▸ WORK ORDER: Go through the following data and transcribe exactly the stretch of lines from the one holding "新着ファッション韓国春ミディ パーティー ドレス" to the one holding "こちらを使用しコーディネート", both included.

--- EXCERPTED RECORDS Enclosed Below ---

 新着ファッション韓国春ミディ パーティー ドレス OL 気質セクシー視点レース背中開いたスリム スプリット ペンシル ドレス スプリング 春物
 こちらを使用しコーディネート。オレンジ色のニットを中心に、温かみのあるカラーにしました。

--- End of Enclosed EXCERPTED RECORDS ---
--- EXCERPTED RECORDS Enclosed Below ---

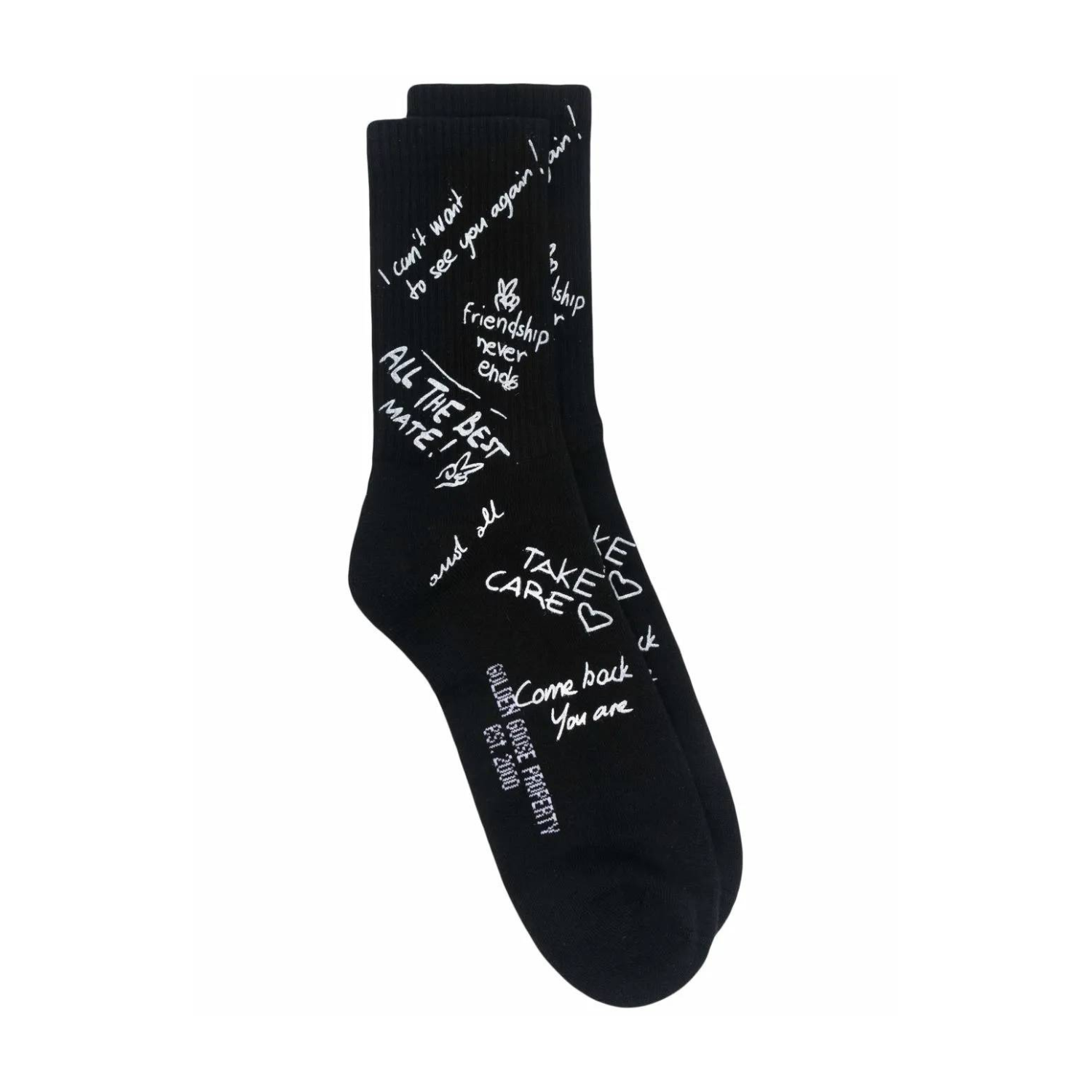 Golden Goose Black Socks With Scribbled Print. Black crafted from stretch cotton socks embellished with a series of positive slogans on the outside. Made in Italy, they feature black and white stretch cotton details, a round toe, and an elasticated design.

--- End of Enclosed EXCERPTED RECORDS ---
--- EXCERPTED RECORDS Enclosed Below ---

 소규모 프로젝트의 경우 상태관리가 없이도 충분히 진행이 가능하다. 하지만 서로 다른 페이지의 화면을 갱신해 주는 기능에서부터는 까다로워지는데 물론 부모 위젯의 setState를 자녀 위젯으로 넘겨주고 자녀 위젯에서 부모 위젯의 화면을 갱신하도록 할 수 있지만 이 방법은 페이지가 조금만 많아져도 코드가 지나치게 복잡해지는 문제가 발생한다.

--- End of Enclosed EXCERPTED RECORDS ---

▸ TASK ANSWER:
 新着ファッション韓国春ミディ パーティー ドレス OL 気質セクシー視点レース背中開いたスリム スプリット ペンシル ドレス スプリング 春物
 こちらを使用しコーディネート。オレンジ色のニットを中心に、温かみのあるカラーにしました。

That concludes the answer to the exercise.